=== Entries shown ===

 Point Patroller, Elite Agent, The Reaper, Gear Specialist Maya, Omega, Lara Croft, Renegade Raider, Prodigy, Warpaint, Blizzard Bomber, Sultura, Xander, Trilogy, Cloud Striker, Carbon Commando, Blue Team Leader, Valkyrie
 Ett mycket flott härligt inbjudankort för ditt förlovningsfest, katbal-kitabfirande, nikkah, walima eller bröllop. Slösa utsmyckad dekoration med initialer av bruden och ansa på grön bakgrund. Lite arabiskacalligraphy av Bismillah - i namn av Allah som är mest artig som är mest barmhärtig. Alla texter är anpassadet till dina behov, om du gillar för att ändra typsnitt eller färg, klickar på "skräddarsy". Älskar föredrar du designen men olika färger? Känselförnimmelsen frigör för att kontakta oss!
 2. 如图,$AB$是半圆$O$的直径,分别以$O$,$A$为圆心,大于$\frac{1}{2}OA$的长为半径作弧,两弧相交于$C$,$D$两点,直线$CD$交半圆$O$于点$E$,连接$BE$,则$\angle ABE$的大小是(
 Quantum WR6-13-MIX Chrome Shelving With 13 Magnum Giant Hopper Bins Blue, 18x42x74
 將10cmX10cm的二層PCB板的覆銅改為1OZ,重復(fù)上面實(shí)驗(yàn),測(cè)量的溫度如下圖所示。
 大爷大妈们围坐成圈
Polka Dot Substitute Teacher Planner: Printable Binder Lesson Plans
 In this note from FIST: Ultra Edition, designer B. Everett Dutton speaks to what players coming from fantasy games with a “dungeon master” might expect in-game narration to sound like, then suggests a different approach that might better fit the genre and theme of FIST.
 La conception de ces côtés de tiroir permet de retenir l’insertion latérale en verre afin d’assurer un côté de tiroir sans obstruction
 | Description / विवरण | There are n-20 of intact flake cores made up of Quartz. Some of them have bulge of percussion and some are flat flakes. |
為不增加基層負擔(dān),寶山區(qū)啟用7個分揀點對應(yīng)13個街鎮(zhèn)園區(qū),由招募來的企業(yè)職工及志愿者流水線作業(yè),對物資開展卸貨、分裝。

===
=== Entries shown ===

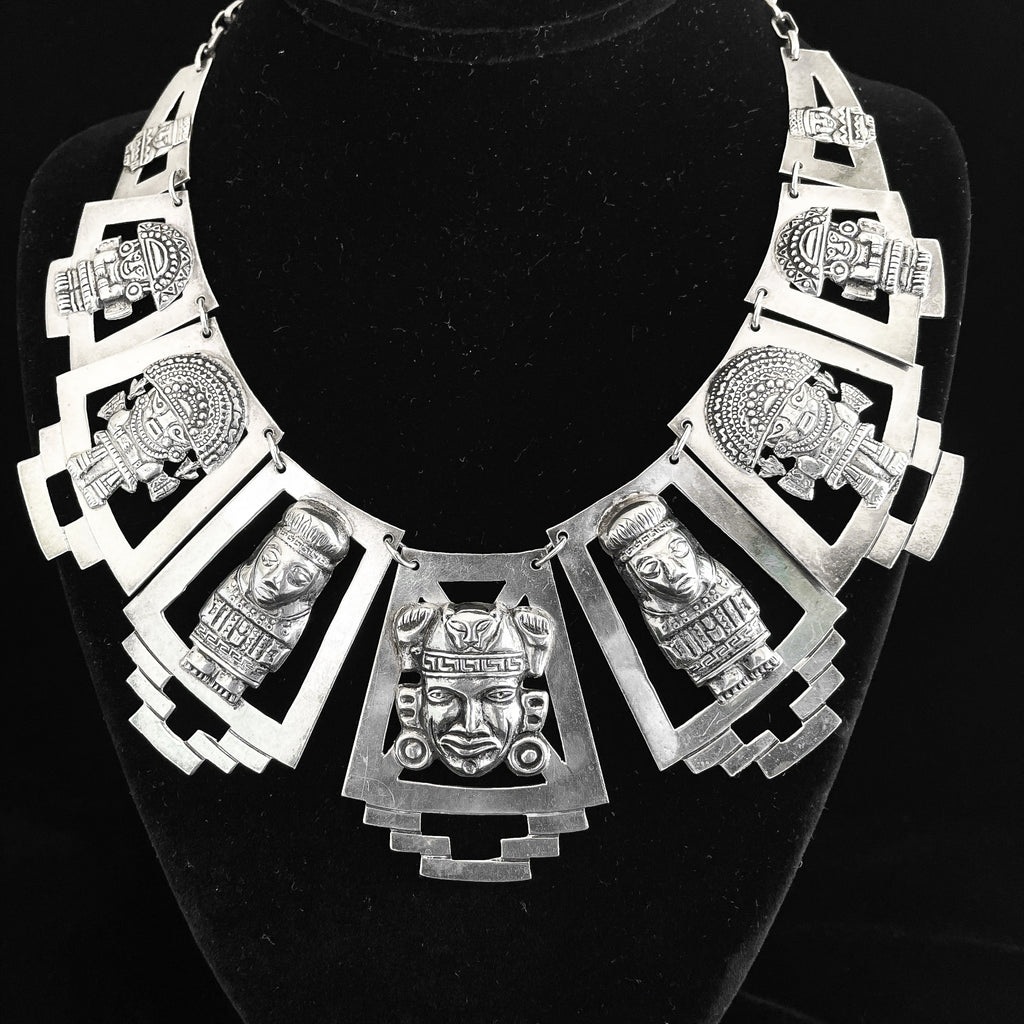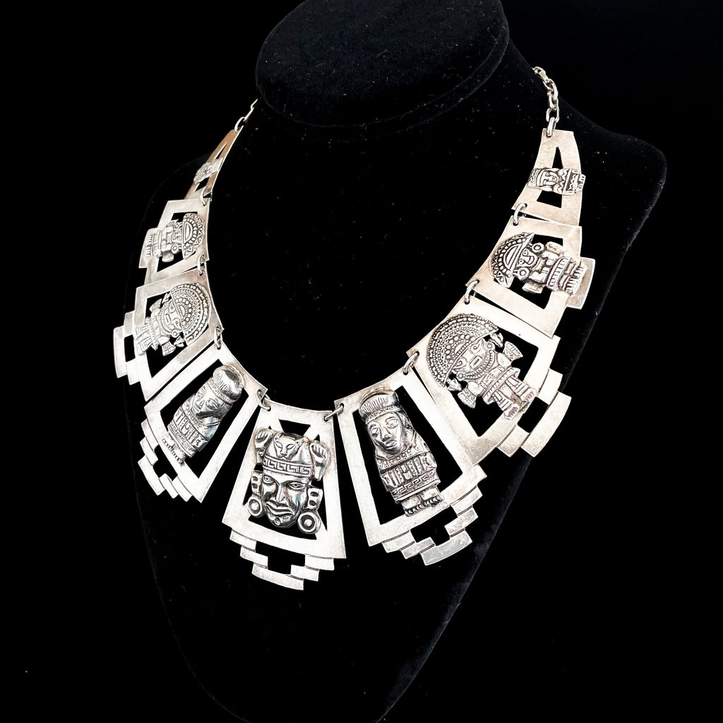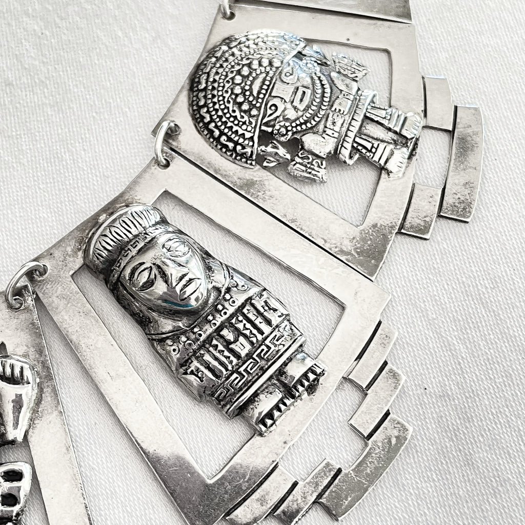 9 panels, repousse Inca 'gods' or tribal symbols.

===
=== Entries shown ===

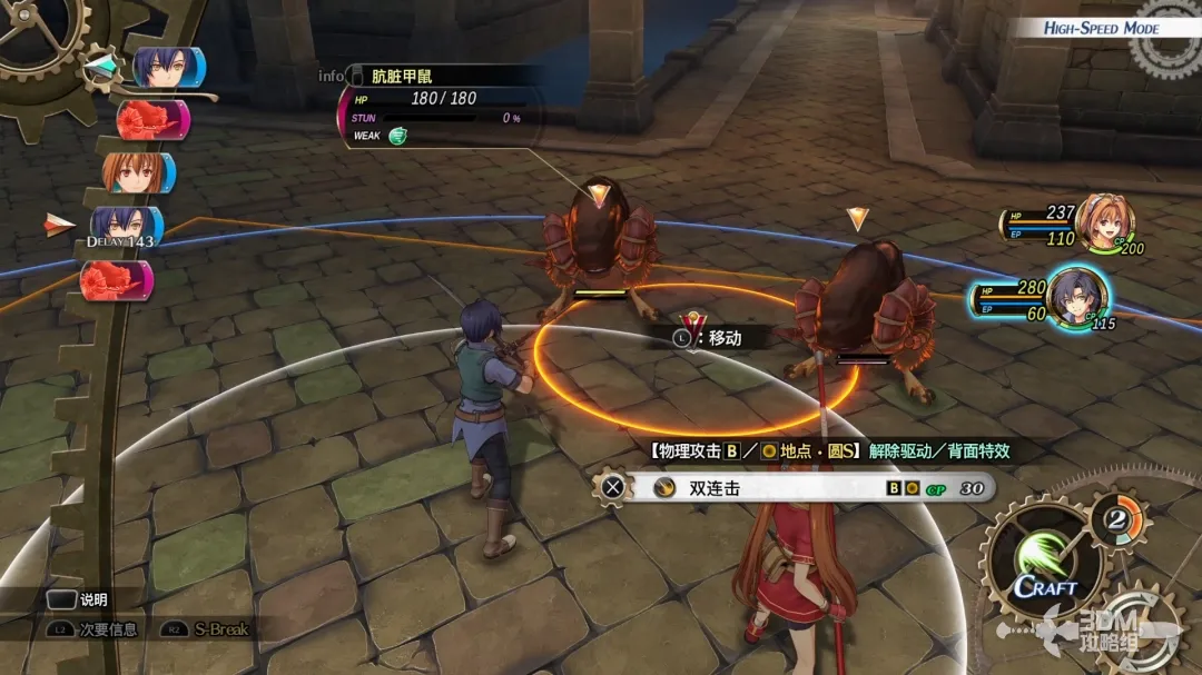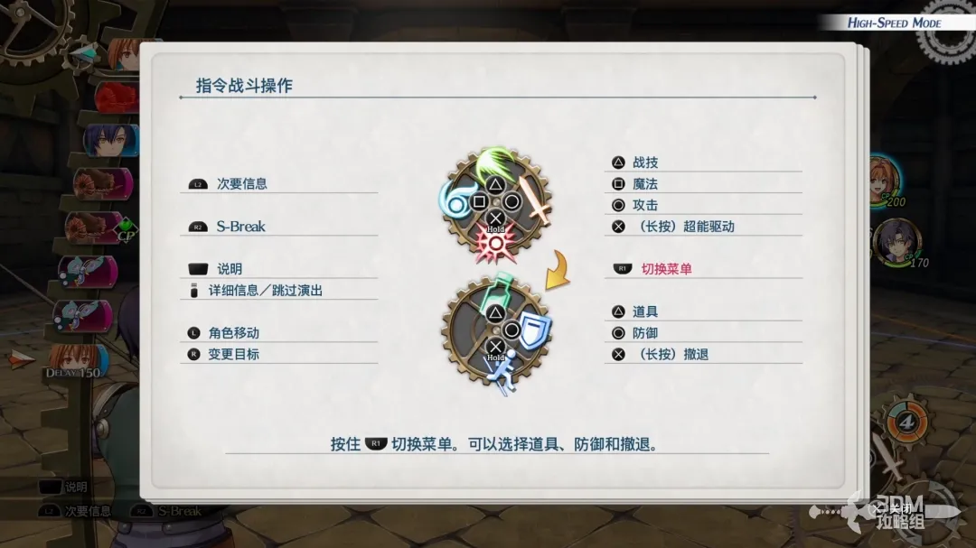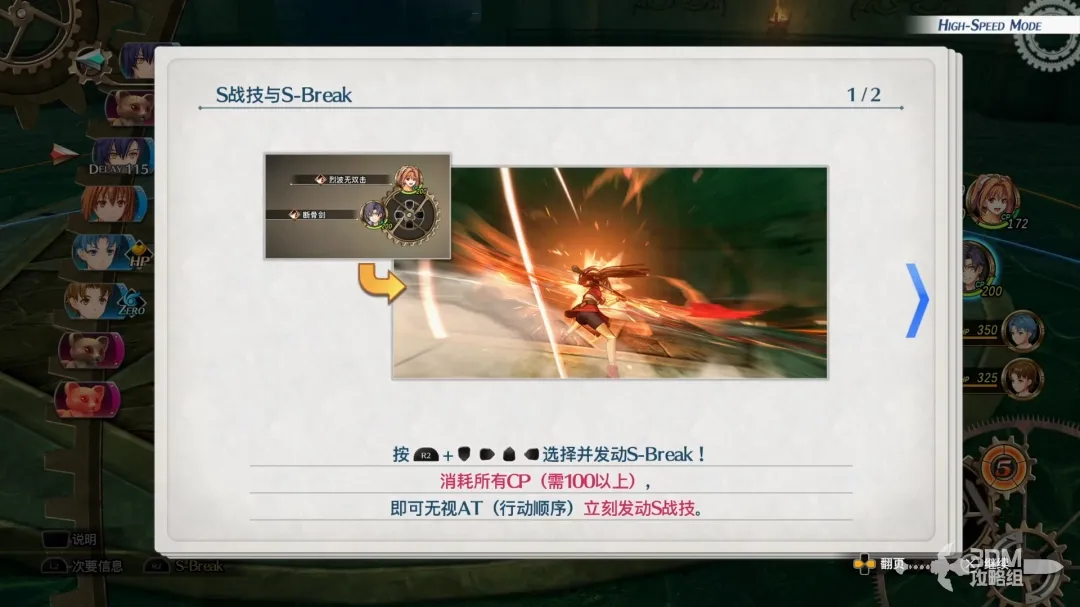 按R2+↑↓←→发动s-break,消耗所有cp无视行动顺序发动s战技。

===

■ Problem to work on
Looking at the data above, state how many of its lines contain the word "Blue", and give nothing but that number.

■ Answer to the problem
2